**Provided information**
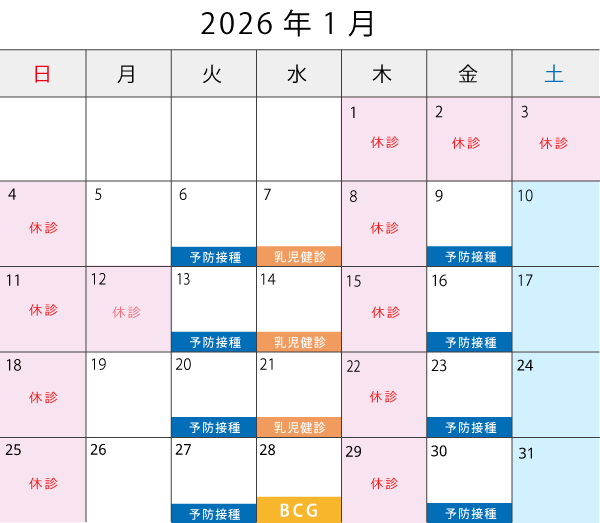 乳児健診(第4週BCG) 14:00-15:30
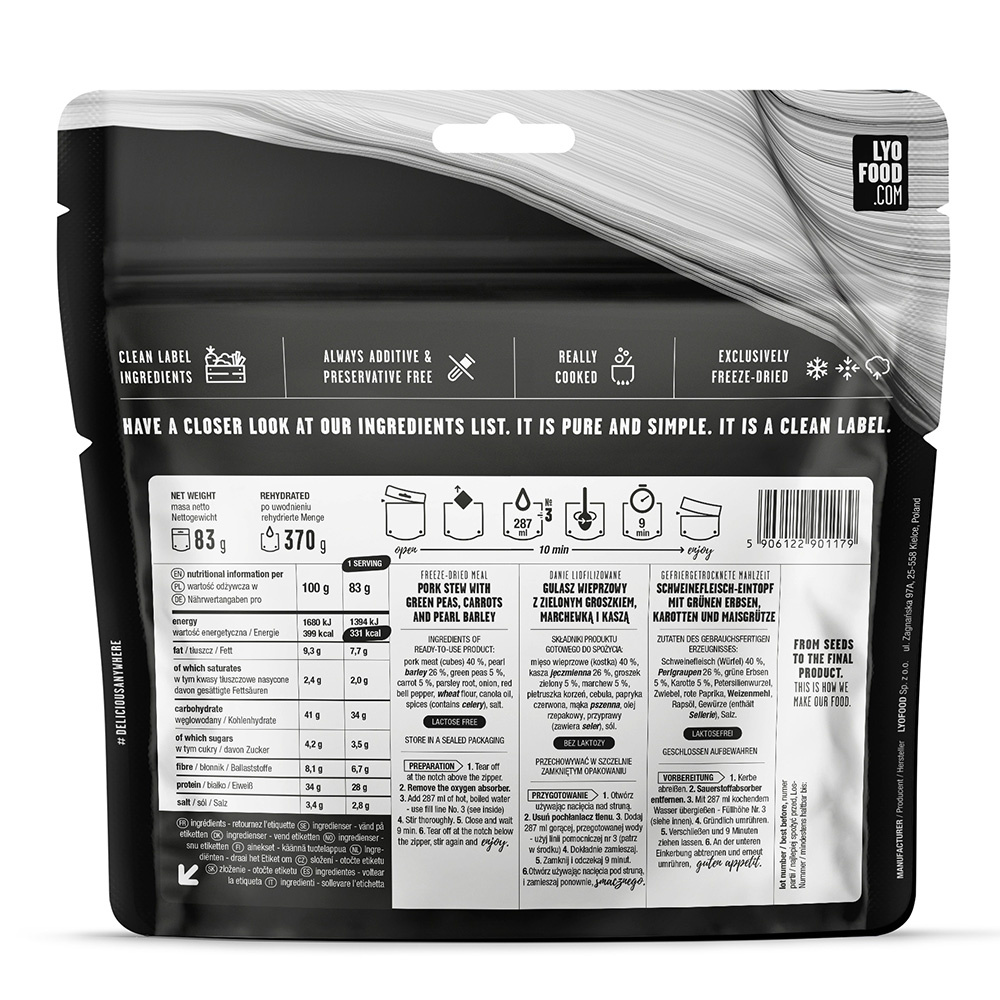 LYO EXPEDITION meals can be stored for a long time. Since the water content is being removed during the freeze-drying process, microorganisms and enzymes action are inhibited. Each pouch is hermetically sealed and contains an oxygen absorber.
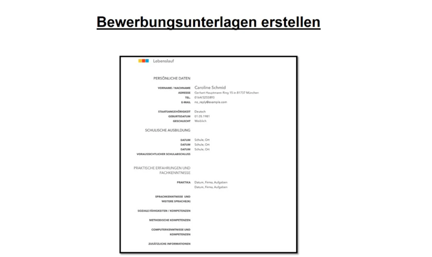 Das Erstellen von Bewerbungsunterlagen erfordert bei einer Vielzahl von Schülerinnen und Schülern mit den Förderschwerpunkten Lernen, geistige Entwicklung und Sprache sehr viel Zeit.Eine Ausstattung mit mobilen Endgeräten ermöglicht es, diese Unterlagen im Klassenzimmer zu individuell passenden Zeiten zu erstellen.
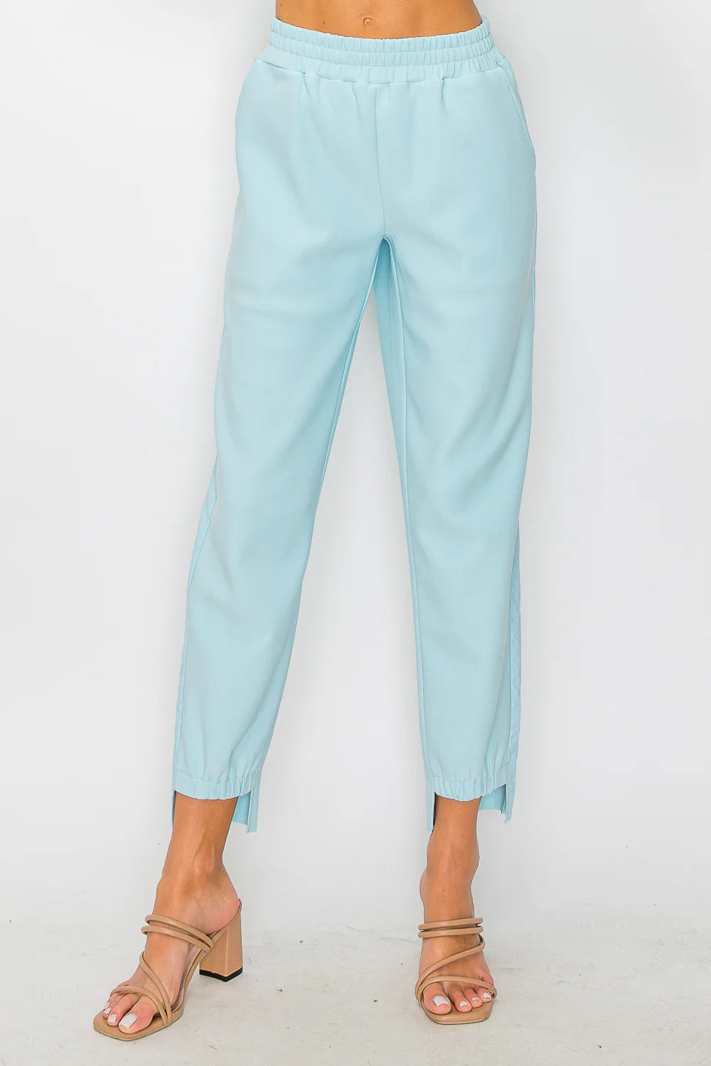 The Katie pant. Made with high quality crepe knit. Elastic waist for the perfect fit. Side pockets and side contrasts. Bottom high-low with details. Easy relax fit. Stylish and comfort.
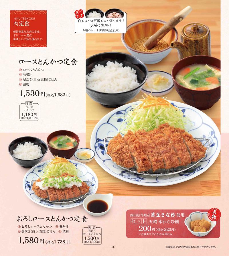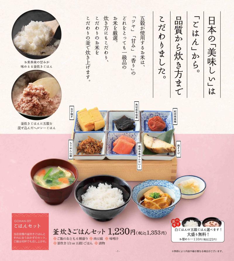 ※こちらのメニューは五穀 イオンモール大日店のメニューです。

**Task directions**
Reproduce the material in full, word for word, and omit the pictures.

**Result of the task**
 乳児健診(第4週BCG) 14:00-15:30
 LYO EXPEDITION meals can be stored for a long time. Since the water content is being removed during the freeze-drying process, microorganisms and enzymes action are inhibited. Each pouch is hermetically sealed and contains an oxygen absorber.
 Das Erstellen von Bewerbungsunterlagen erfordert bei einer Vielzahl von Schülerinnen und Schülern mit den Förderschwerpunkten Lernen, geistige Entwicklung und Sprache sehr viel Zeit.Eine Ausstattung mit mobilen Endgeräten ermöglicht es, diese Unterlagen im Klassenzimmer zu individuell passenden Zeiten zu erstellen.
 The Katie pant. Made with high quality crepe knit. Elastic waist for the perfect fit. Side pockets and side contrasts. Bottom high-low with details. Easy relax fit. Stylish and comfort.
 ※こちらのメニューは五穀 イオンモール大日店のメニューです。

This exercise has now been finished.